Op de meest onverwachte momenten overvalt het me. De stupiditeit van het mens-zijn. Het trieste staccato van een levensritme. De zwartgalligheid van het alledaagse.
Je slaapt. Je vreet. Je werkt. Je sekst. Je poept. En dan slaap je nog maar eens een keer.
Het doelloos op de bank voor je uit staren, wat ik just en moment doe, kan ik nog aan dat lijstje toevoegen. Sommigen van ons reproduceren in de tussentijd, bij gelegenheid. Iets wat gedurende een begrensd tijdsbestek wat meer ‘doel’ aan je leven geeft. Of zou kunnen geven. Je leeft dan immers tijdelijk voor één of zelfs meerdere ander mensjes.
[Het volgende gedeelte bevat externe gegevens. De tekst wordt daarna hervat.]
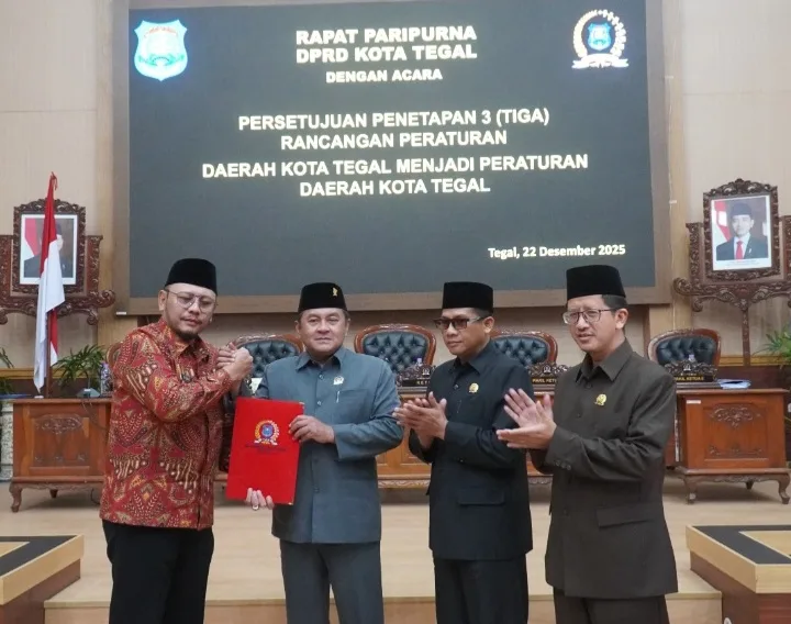 Beritamerdeka.co.id – DPRD Kota Tegal menetapkan tiga Raperda menjadi Peraturan Daerah (Perda) yang digelar di Ruang Rapat Paripurna, Senin, 22 Desember 2025.
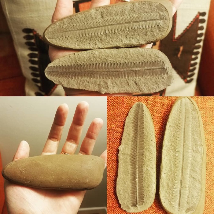 Отпечаток папоротника Pecopteris в конкреции из знаменитого местонахождения Мэзон-Крик в Иллинойсе среднепенсильванского (=московский ярус) возраста (~305 млн лет). #палеоботаника@paleoevol
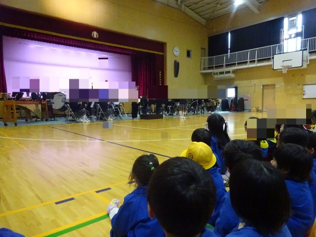 今日は今津中学校吹奏楽部の皆さんにお招きいただき、演奏を聞かせていただきました。去年のことを覚えていた5歳児は「どんな曲かな~楽しみ」とワクワクする様子が見られましたよ。演奏会が始まると、音楽に合わせて思わず踊りたくなるような曲目ばかりで、子どもたちも大喜びでした。今年度交流を深めてきた近隣保育所3園の子どもたちも一緒に楽しむことができました。最後は吹奏楽部のお兄さん、お姉さんがトンネルをつくってくれ「ありがとう」「またね」と声をかけてくれていました。近隣の中学校や保育所と関わる中で、いろいろな人との関わりや多様な体験につながり、地域の温かさを感じる演奏会となりました。
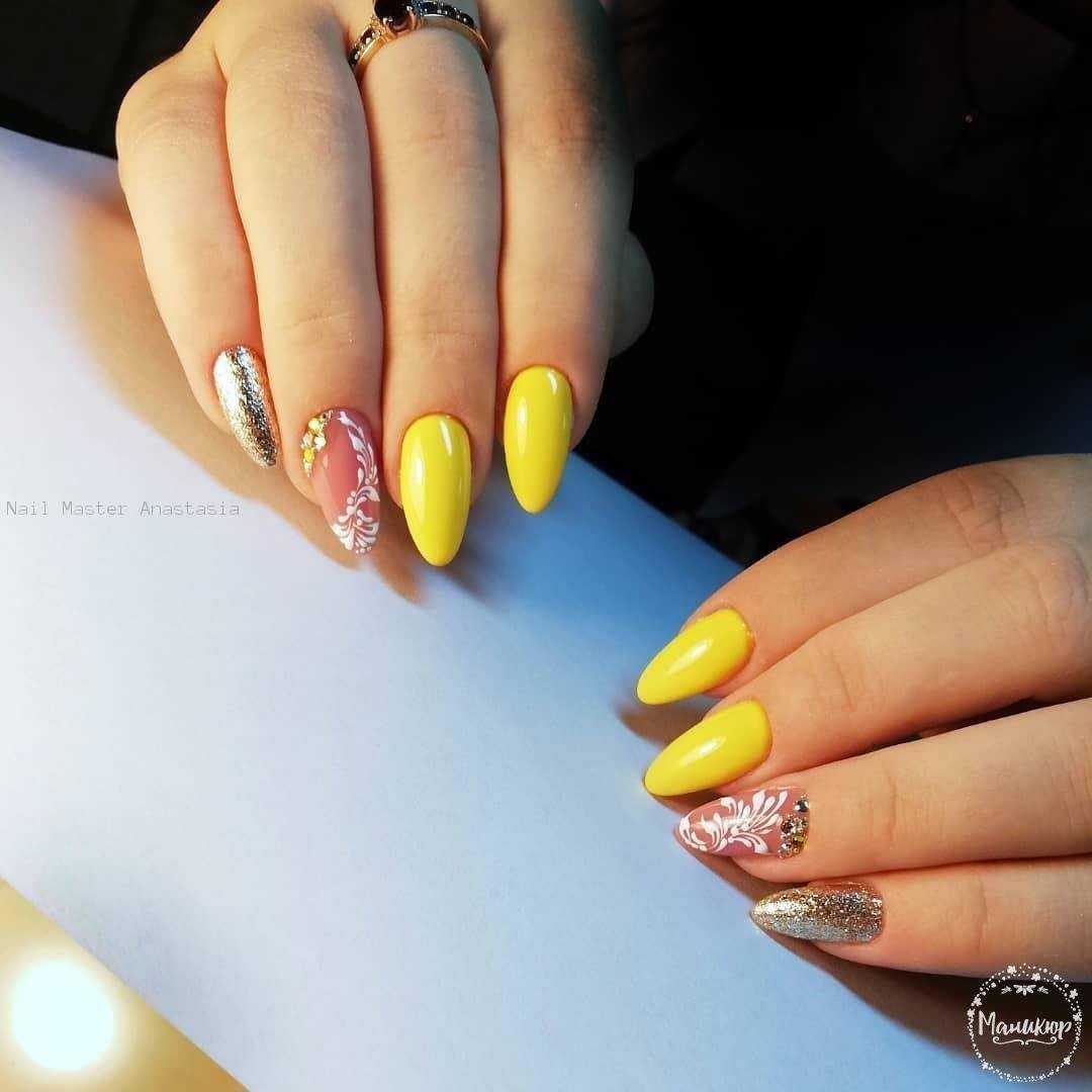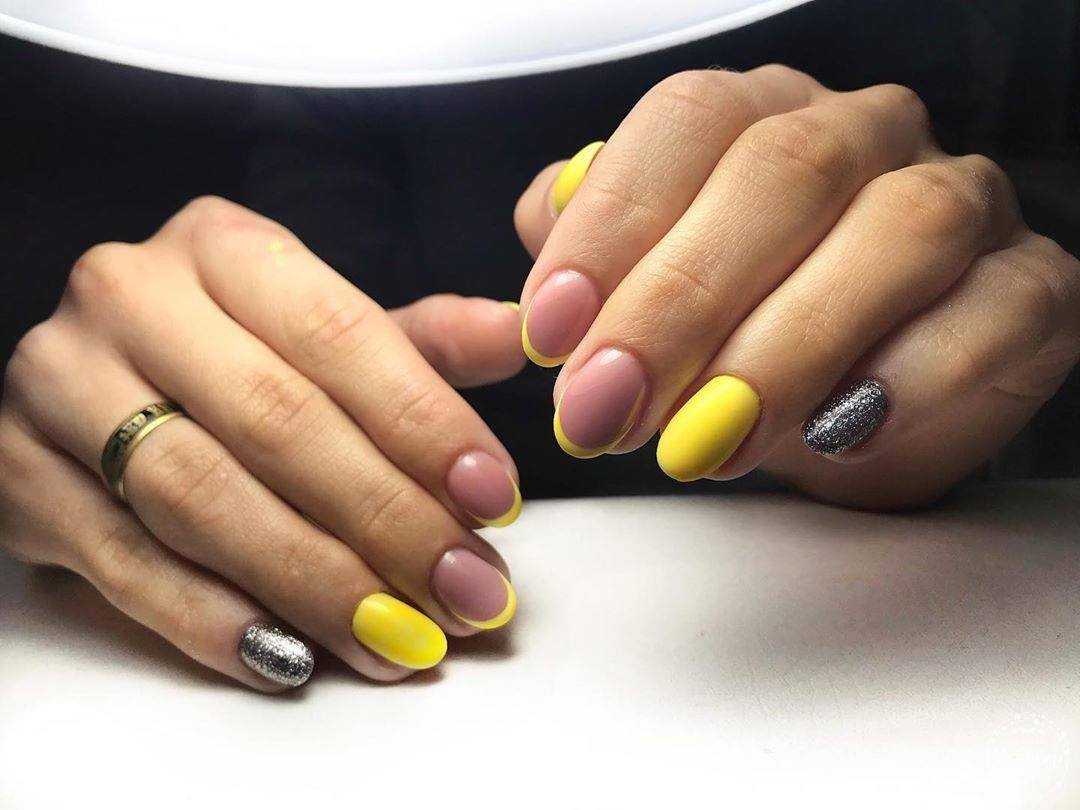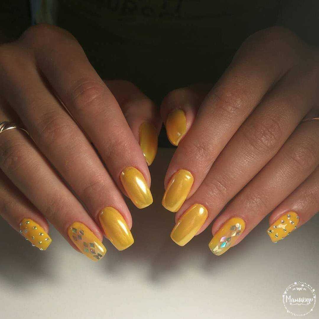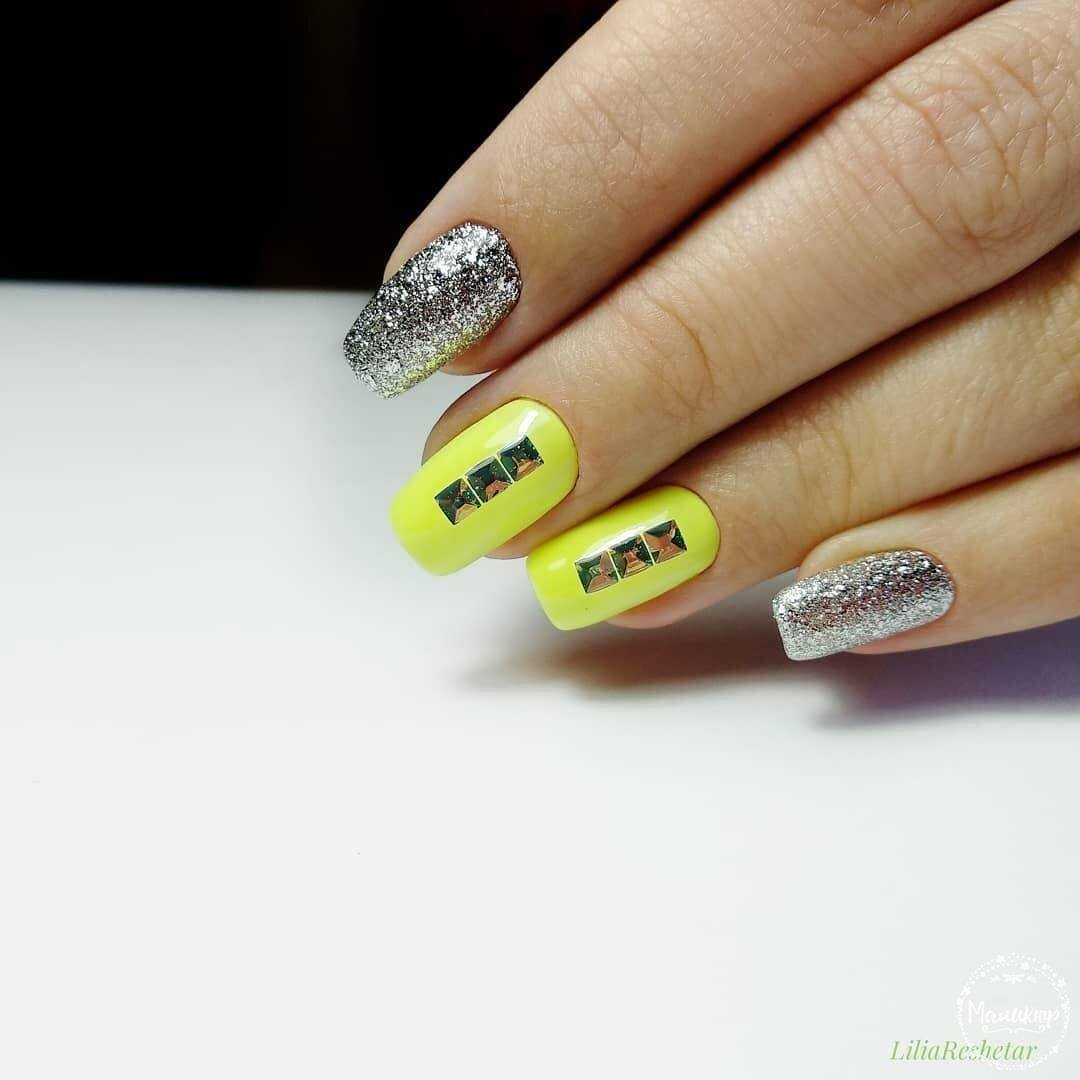 Желтый — один из цветов маникюра, который одинаково хорошо сочетается как с золотом, так и с серебром. Выбирая стразы или блестки, необходимо ориентироваться на оттенок покрытия ногтей. С яркими или горчичными тонами шикарно смотрится золото. Чем бледнее или холоднее оттенок, тем органичнее выглядит комбинация с серебром.

Als je geluk hebt, wordt dat kroost gezond groot en heeft het jou niet meer nodig. Vanaf dat moment kun je met een gerust hart weer terug naar het gezapige slaap-vreet-werk-poep-seks-en-slaap-ritme.
In feite is het leven één groot, gezapig melange van ademhalen, adem inhouden en naar lucht happen. Maar vooral van slikken. En doorademen. Desnoods met slechte adem. Het is je er doorheen vreten of opgevreten worden. Een odeur van potige mislukkingen en ongelukkige missers naast de pot. Van stank voor dank en ergens dankbaar instinken. Misselijkmakend.
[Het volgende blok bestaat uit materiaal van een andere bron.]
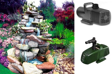 - Les pompes d'une fontaine dans le pays peuvent être utilisées, entre autres, pour alimenter en eau une cascade artificielle. Si la puissance de l'appareil est suffisante, un té doit être installé sur le tuyau, ce qui permettra d'alimenter en liquide deux objets en même temps.
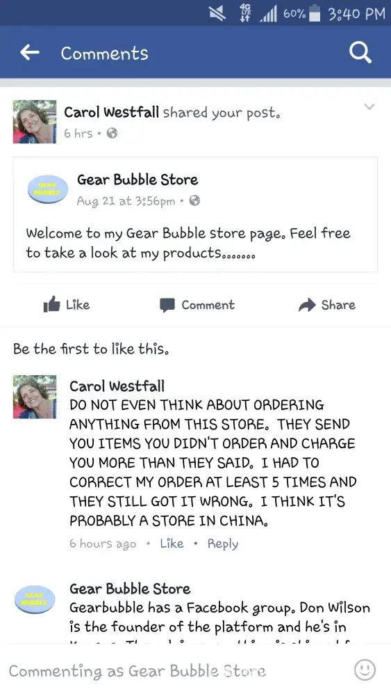 I was also a member of the group on Facebook. I posted a legitimate question on how to deal with complaints about products and items being wrong or late in terms of shipping. Well, I thought they were located in Kansas which is where the founder is located, so I responded to an angry person on Facebook who shared a post on my gear bubble page, to contact gear bubble directly at [protected]@Gearbubble.com with any problems and mentioned that the founder was located in Kansas because I thought his company was also. I was then informed by the founder (Donald Wilson), through a comment in the Facebook group, that my page's name was confusing to people and to send them to the customer service email. Well I did so and I also changed the name of my page so people would not be confused. Apparently he saw my comment to the angry customer and the next day (today December 22nd), he again commented but said what I did was "uncool"by giving his location to a customer and claimed he had given me one chance to fix things, then removed me from the Facebook group. I could not respond so I am posting this complaint. By pulling a ##### move like that, I blocked him on Facebook, deleted my Gear Bubble Facebook page and emailed Gearbubble to delete my seller account. I will NEVER have anything to do with that company ever again and I advise any one else to stay away from them. From the looks of other complaints here, I am justified in feeling this way because the founder was butt hurt and responded to me the way he did. I tried to legitimately sell through his platform and ask a real question but was met with bull####. Well #### Donald Wilson and Gear Bubble. Please feel free to share every complaint you find about this worthless company. You're better off buying or selling through a different platform.
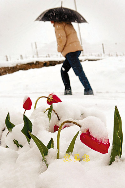 紅色鬱金香垂著頭,被厚雪覆蓋,猶在負重。今年瑞士西部和中部雪很大,積雪達20厘米。(美聯社)
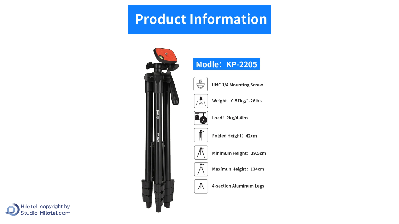 فروشگاه اینترنتی هیلاتل مرجعی معتبر برای خرید انواع لوازم جانبی و تجهیزات مورد نیاز گوشی های هوشمند و دوربین های دیجیتال است. سه پایه جی ماری مدل KP-2205 یکی از محصولات موجود در سایت است که با ضمانت کیفیت و اصالت به فروش می رسد. این کالا پس از خرید، در سریع ترین زمان ممکن درب منزل ارسال می شود.

Ergens komt dan dat ene punt, waarvan je innig hoopt dat het pas – óf juist al – het midden van je leven is. Crisis. Je begint plots terug te blikken. Want eindelijk ís er ook echt iets om op terug te kijken. Je staart meewarig naar de uitwerpselen, resten en overblijfselen van je tot op dat moment geleefde bestaan.
Je ziet dat jij er – even afgezien van eventuele kinderen – een hele hoop uitgegooid, uitgekotst en uitgepoept hebt in al die tijd. Meningen, relaties, schrijfsels, exen, blunders, sollicitaties, pillen en poeders, ervaringen, liefdesverklaringen, beledigingen, roept u maar. Al dat is langzaamaan verworden tot een worst, een excrement in de vorm van jouw existentie, gegarneerd met een vleugje zwarte gal. Melas et cholé. Melancholie.
—
“Páááp!” klinkt het dramatisch vanuit de wc. Ik schrik op uit mijn bankhang-gedachten. “Iemand heeft weer eens niet gespoeld! Er ligt een dikke stinkdrol in de plee! En die is níét van mij. En ook niet van Nick, zegt ie. Dus? Hm?”
Dus niks. Ik wenste enkel een moment lang wat extra shit-zooi toe te voegen aan dit huis. Dát is me tenminste nog gelukt in dit leven.
“Dus niks,” antwoord ik daarom gelaten. “Ik héb gespoeld. Maar blijkbaar wilde mijn uitwerpsel ons nog niet verlaten en kwam hij weer bovendrijven. Druk jij toch even nóg een keer op die spoelknop?”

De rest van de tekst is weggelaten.